12. The method of claim 9, wherein determining a similarity between the target entity word and each of at least two word interpretations of the target entity word based on the second target text comprises:

and performing semantic coding on the word explanation to obtain a second semantic vector aiming at each word explanation in at least two word explanations corresponding to the target entity word, determining the similarity between the first semantic vector and the second semantic vector as a first similarity, performing coincidence matching on the word explanation and the target word, determining the ratio of the number of coincident words to the number of the target word as a second similarity, and performing weighted average processing on the first similarity and the second similarity to obtain the similarity between the target entity word and the word explanation.

13. The method of claim 9, wherein after determining the word interpretation corresponding to the target entity word based on the similarity, the method further comprises:

and deleting the target entity word from the target entity word set in response to the fact that the similarity between each word interpretation and the target entity word in the at least two word interpretations corresponding to the target entity word is smaller than a preset similarity threshold value, so as to obtain a new target entity word set which is used as the target entity word set.

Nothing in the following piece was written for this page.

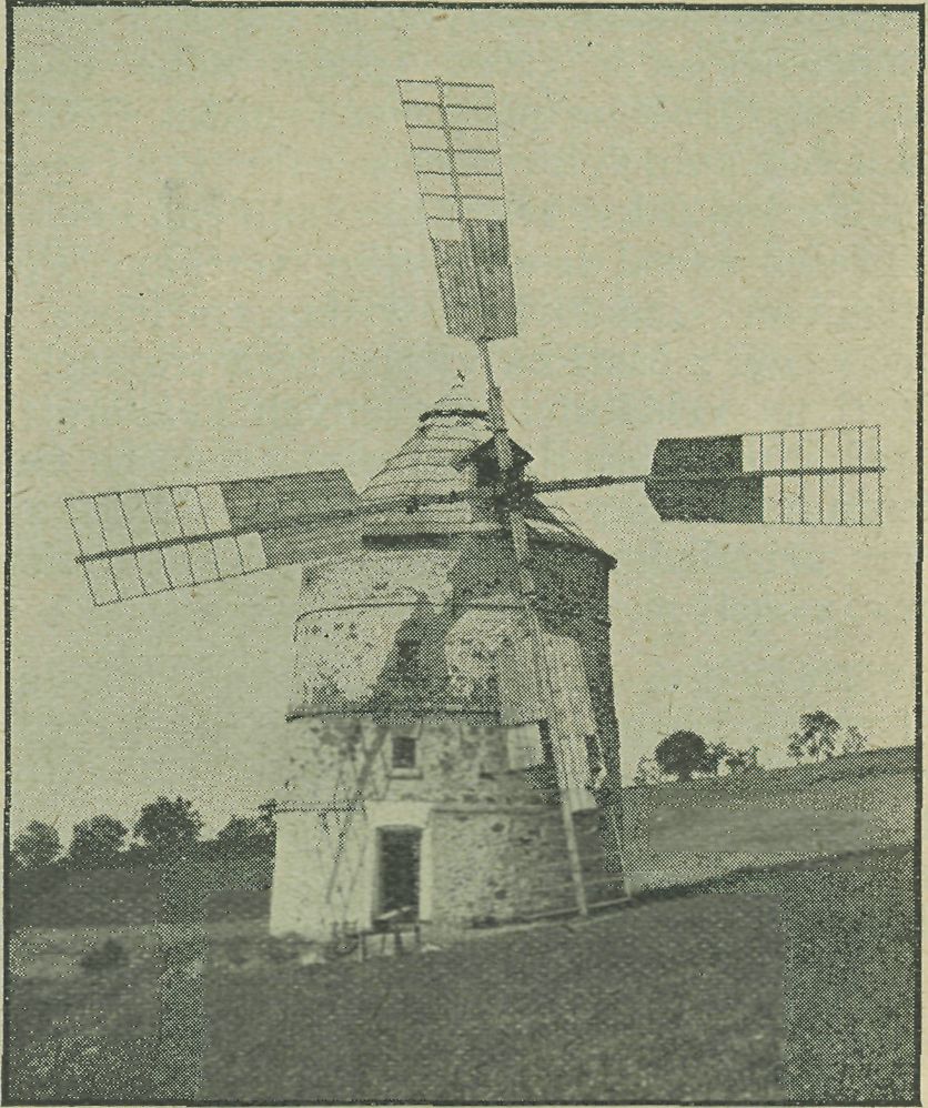 z tvrdého staviva, jak je tomu na př. na Svatém Kopečku u Olomouce. Mají-li se natočit proti větru křídla, točí se u dřevěného mlýna celá budova, u zděného pouze vrch, kuželová střecha s křídly. Na obrázku břestského dřevěného mlýna je vidět zařízení na otáčení celé budovy. Do »větřáku« je zapuštěno »oje«,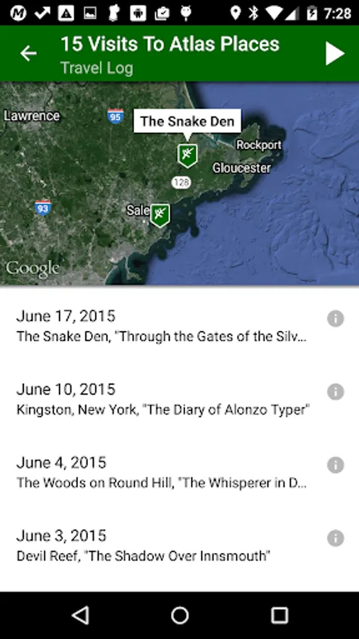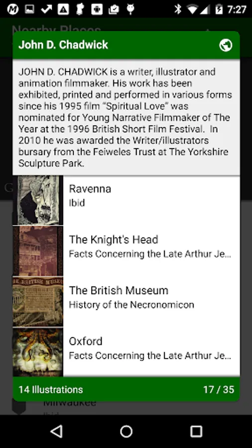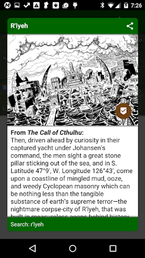 Use the Atlas to plan your next trip to the Plateau of Leng or look up the location of of the ill-fated Antarctic base camp during your next reading of "At the Mountains of Madness". Log your visit to Dunwich in the built-in Travel Log, and use the Nearby Places to find sites close by.

14. A text processing apparatus, comprising:

the first determining unit is used for acquiring a text to be processed, determining a target entity word in the text to be processed and generating a target entity word set;

the second determining unit is used for determining word interpretations corresponding to target entity words in the target entity word set based on the text to be processed, and acquiring related information corresponding to the word interpretations;

and the pushing unit is used for pushing target information to present the text to be processed, wherein the target information comprises the target entity word set, word interpretations and related information corresponding to target entity words in the target entity word set, and the target entity words in the target entity word set are displayed in the text to be processed in a preset display mode.

15. An electronic device, comprising:

one or more processors;

a storage device having one or more programs stored thereon,

when executed by the one or more processors, cause the one or more processors to implement the method of any one of claims 1-13.

16. A computer-readable medium, on which a computer program is stored which, when being executed by a processor, carries out the method according to any one of claims 1-13.